The next four elements are:

the ratio of the number of positions with hits to the size
the number of positions with hits
the ratio of the number of total hits to the size
the number of total hits.

In parentheses at the end is an attempt at quantifying the distribution of hits in each gene. The first position in the tuple indicates the number of hits mapping between 10% to 90% of the gene length, and the second position ar those at the extreme ends of the gene. On the average, the ratio of these two numbers should be about 4:1.

This one is for nostalgia (link):


hemH         324   0.26   84   1.00   323     (61, 23)

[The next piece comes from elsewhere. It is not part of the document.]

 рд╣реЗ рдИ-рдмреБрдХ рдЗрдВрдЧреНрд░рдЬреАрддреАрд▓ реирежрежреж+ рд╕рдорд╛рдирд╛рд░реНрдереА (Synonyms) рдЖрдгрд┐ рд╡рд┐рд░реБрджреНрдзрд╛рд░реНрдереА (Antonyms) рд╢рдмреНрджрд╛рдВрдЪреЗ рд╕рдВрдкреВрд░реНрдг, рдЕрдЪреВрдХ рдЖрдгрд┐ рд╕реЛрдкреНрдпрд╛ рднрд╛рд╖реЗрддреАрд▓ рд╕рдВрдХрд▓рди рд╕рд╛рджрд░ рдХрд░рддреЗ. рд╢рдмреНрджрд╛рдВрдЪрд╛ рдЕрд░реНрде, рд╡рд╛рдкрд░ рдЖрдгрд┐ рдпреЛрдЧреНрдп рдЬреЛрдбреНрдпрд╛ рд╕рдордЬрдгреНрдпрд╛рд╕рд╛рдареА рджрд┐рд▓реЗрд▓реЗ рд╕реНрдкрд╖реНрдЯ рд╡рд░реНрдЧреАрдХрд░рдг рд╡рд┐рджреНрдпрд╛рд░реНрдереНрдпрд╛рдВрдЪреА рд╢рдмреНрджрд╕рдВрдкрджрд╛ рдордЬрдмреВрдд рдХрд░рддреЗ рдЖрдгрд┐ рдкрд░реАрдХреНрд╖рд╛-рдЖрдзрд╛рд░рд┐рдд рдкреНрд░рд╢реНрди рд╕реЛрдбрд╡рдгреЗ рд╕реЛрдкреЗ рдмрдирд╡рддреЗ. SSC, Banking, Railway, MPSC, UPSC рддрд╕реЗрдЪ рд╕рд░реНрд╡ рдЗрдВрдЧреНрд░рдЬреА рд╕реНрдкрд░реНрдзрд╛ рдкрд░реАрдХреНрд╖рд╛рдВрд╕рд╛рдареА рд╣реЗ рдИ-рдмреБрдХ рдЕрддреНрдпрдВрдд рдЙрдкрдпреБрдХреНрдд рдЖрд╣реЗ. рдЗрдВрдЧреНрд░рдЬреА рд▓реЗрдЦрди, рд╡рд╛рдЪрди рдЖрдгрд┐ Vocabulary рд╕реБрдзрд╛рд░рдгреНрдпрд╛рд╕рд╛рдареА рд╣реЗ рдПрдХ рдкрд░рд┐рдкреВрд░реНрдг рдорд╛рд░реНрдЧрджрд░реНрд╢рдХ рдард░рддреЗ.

We notice that the very last gene on the list seems to be a hot spot for the transposon. At the beginning of this list are genes that are certainly essential. For example:


def          170   0.01    1   0.01     1     (1, 0)
dnaA 455 0.00 1 0.00 1 (1, 0)
engA 505 0.00 1 0.00 1 (1, 0)
fabI 263 0.00 1 0.00 1 (0, 1)
gptA 156 0.01 1 0.01 1 (1, 0)


These are all of a reasonable size, with only one hit. At a guess, these "hits" could be reads that were mis-called against the genome. And then there are ones in the middle like this:


pta          712   0.01    8   0.05    33     (1, 7)
..
adk 215 0.04 9 0.18 38 (0, 9)
..
murD 438 0.03 11 0.09 38 (1, 10)


These have a number of hits but the distribution is skewed to the ends of the gene (probably the distal end). The inside hits are probably mis-calls.

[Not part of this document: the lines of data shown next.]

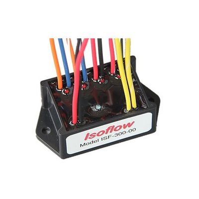 The Model 302 Isoflow is a signal control device that receives the signal from one digital flow sensor and provides two electrically isolated outputs. The Isoflow is compatible with all CST flow sensors and most other sensors producing a square wave output proportional to flow rate. It is not compatible with Hunter HFS sensors. The Isoflow also provides optional control inputs allowing the device to selectively switch outputs from one channel to the other or both. Control inputs are also electrically isolated from each other, the flow input and outputs and the power supply. The Model 302 features four LEDs to indicate operating conditions and aid in diagnostics.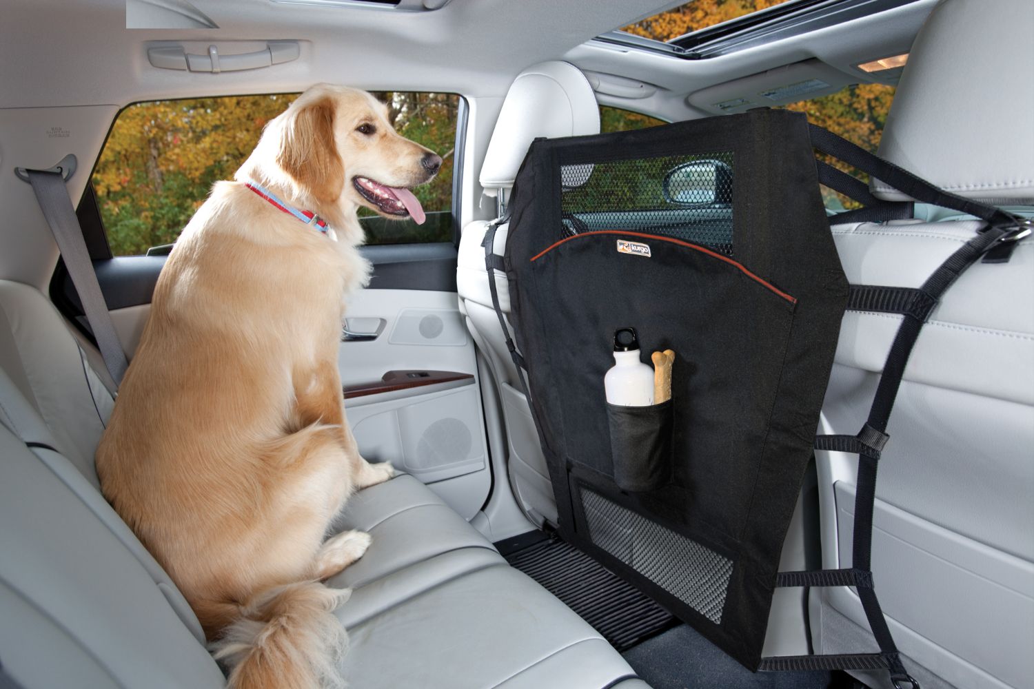 Attach the Barrier to the backs of your front seats, and the simple cloth barrier keeps your dog where she belongs for the sake of car safety, not to mention the cleanliness of the driving area. The mesh top means she can still see you and anything else that catches her interest.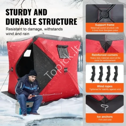 Didelė Termo Ledo Žvejybos Palapinė 3-4 Asmenims, 600D Audinys, Raudona, Išmatavimai 180x180x200 cm Žvejyba žiemą neturi reikšti drebulio nuo šalčio!

Next time, we'll do some histograms for individual genes. Also, I'd like to reproduce Fig 2 from the paper. That will require processing the data from the library after it's gone through selection.

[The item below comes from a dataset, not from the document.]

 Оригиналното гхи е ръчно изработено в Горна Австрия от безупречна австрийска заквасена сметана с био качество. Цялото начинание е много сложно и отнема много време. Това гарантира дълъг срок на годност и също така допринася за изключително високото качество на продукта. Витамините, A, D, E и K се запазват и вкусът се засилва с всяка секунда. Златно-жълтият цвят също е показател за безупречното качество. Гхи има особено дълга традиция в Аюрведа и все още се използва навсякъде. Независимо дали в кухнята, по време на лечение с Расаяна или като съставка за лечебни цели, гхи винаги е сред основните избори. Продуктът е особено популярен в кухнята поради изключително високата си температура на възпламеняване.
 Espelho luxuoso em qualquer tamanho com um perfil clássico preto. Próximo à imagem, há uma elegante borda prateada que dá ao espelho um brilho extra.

Finally, there are a number of genes with no hits at all. If they are of a reasonable size, these are also quite likely to be essential. Here are the ones that aren't HI.. types (lots of ribosomal proteins):


acpP          77
ddl 307
folP-1 276
folP-2 276
frr 186
ftsH 636
glmM 446
lpxK 333
mviN 511
pgk 387
pheS 330
ribH 158
rpS11 130
rpS7 157
rplC 209
rplE 143
rplF 178
rplL 124
rplM 143
rplN 124
rplO 145
rplR 118
rplU 104
rplV 111
rplW 100
rplX 104
rpmA 86
rpsC 236
rpsD 207
rpsE 167
rpsF 126
rpsH 131
rpsI 131
rpsJ 104
rpsL 125
rpsM 123
rpsN 102
rpsO 90
rpsP 83
rpsS 92
secE 107
tRNA-Arg-1 77
tRNA-Glu-1 76
tRNA-His-1 76
tRNA-Ile-2 77


Zipped script files on Dropbox (here).